The introduction of a single rhFSH-CTP injection to replace the initial seven daily FSH injections aims to alleviate the injection burden for patients undergoing ovarian stimulation. This study was conducted to ascertain the effectiveness and safety of this novel long-acting FSH agent for controlled ovarian hyperstimulation (COH) in individuals undergoing ART. Phase-II clinical trials have established a foundation for defining clinical endpoints and determining appropriate dosing regimens. The primary aim of this multicenter, randomized, positive-control phase III clinical trial was to comprehensively assess the safety and efficacy of rhFSH-CTP in patients with infertility. We also aimed to enhance our understanding of the potential benefits and optimal utilization of rhFSH-CTP as a therapeutic intervention for the management of infertility.

Materials and methods

Study design

The present investigation encompassed a meticulously designed, multi-center, open-label, randomized, positive-controlled clinical trial that spanned 13 Reproductive Medical Centers situated in 12 provinces throughout China (The First Affiliated Hospital of Anhui Medical University; The First Hospital of Peking University; Beijing Obstetrics and Gynecology Hospital, Capital Medical University; Tianjin Central Obstetrics and Gynecology Hospital; The Sixth Affiliated Hospital of Sun Yat-sen University; The First Affiliated Hospital of Hainan Medical University; Wuhan Tongji Reproductive Medicine Hospital; The Third Affiliated Hospital of Guangzhou Medical University; The Affiliated Hospital of Inner Mongolia Medical University; Nanchang Reproductive Hospital; Shengjing Hospital of China Medical University; Women^’s Hospital School of Medicine Zhejiang University and Suzhou municipal Hospital).
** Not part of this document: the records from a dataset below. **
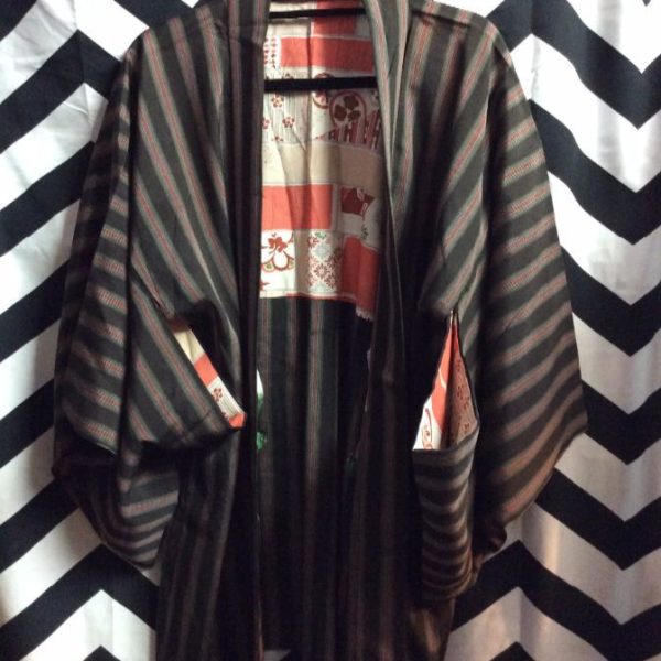 Kimono jacket, open front, vertical stripe pattern, pastel lining, brown/orange/gray, size one size fits all
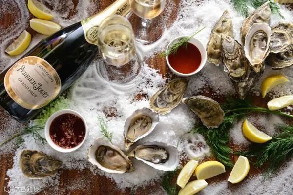 由于足够的酸度,以及充满气泡的清爽口感,无论是小清新蒸鳕鱼,还是油滋滋的酱大肘子,或者甜腻腻的提拉米苏,甚至是火辣的四川老妈兔头,用香槟来搭配都很完美。鱼类和海鲜尤其是龙虾,都是香槟的最佳拍档。熏制的大马哈鱼搭配的效果是出奇的好,其他的如熏鳟鱼、红鲷鱼、鲈鱼、蛤、生蚝等味道偏咸的菜肴都能与香槟搭配得精妙绝佳。
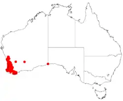 It has a scattered distribution from the Mid West, Wheatbelt, Peel and Great Southern regions. It is found as far north as Three Springs, south as Albany and east as Mukinbudin. The plant is able to grow in loam, sandy or lateritic soils and is often found in winter wet depressions[3] and is a part of the understorey in woodland or open woodland communities.[4]
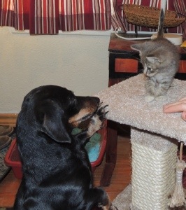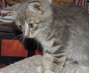 Okay, so you get the idea. Old lady is crawling around parked cars in now wet clothes followed anxiously by a little terrier while seemingly talking to myself. Very odd. Finally, I decided to make a deal with God. “If you want me to take care of this kitten, you let me catch her!” I reached from behind the tire (I know, super tricky!) and grabbed the little cat.
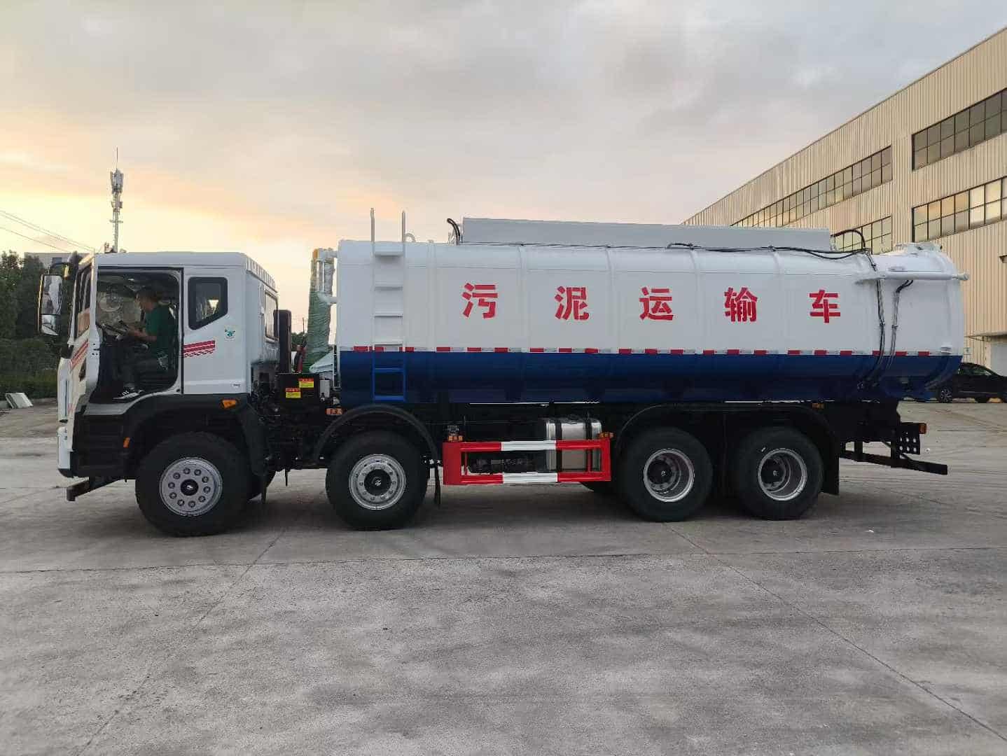 2、罐体采用武钢Q235优质钢板制作,主要用来盛放液态污泥,罐体采用方形罐体设计,密封性好,强度高,可有杜绝液压污物溢出的特点; 3、进料口2个,可液压开启,主要用来装液态污物,进料口盖板设有密封圈,可有效的防止污物及异味的散出;4、罐体后端设有卸料蝶阀,可分别通过气控及手动控制,紧急情况下可采用手动卸料,方便快捷。 可选装后盖液压开启,方便快捷。

The trial was conducted from October 2021 to September 2023 with the aim of evaluating the efficacy and safety of the two treatment groups under scrutiny. To ensure equitable distribution, randomization was employed in a 1:1 ratio at each center, with stratification based on participants’ body weight (≤ 60 kg or > 60 kg) using randomly permutated blocks.

Clinical trial

This intervention study has been registered in the Chinese Clinical Trial Registry (ChiCTR), reference number ChiCTR2000038030 on 08/09/2020. This study was approved by the Research Ethics Board of the First Affiliated Hospital of Anhui Medical University (PJ2019-17-06(6)) and the Ethics Committee of each participating hospital. All participants provided written informed consent prior to enrolment. This clinical trial was conducted in accordance with the guidelines of the Declaration of Helsinki and Good Clinical Practice.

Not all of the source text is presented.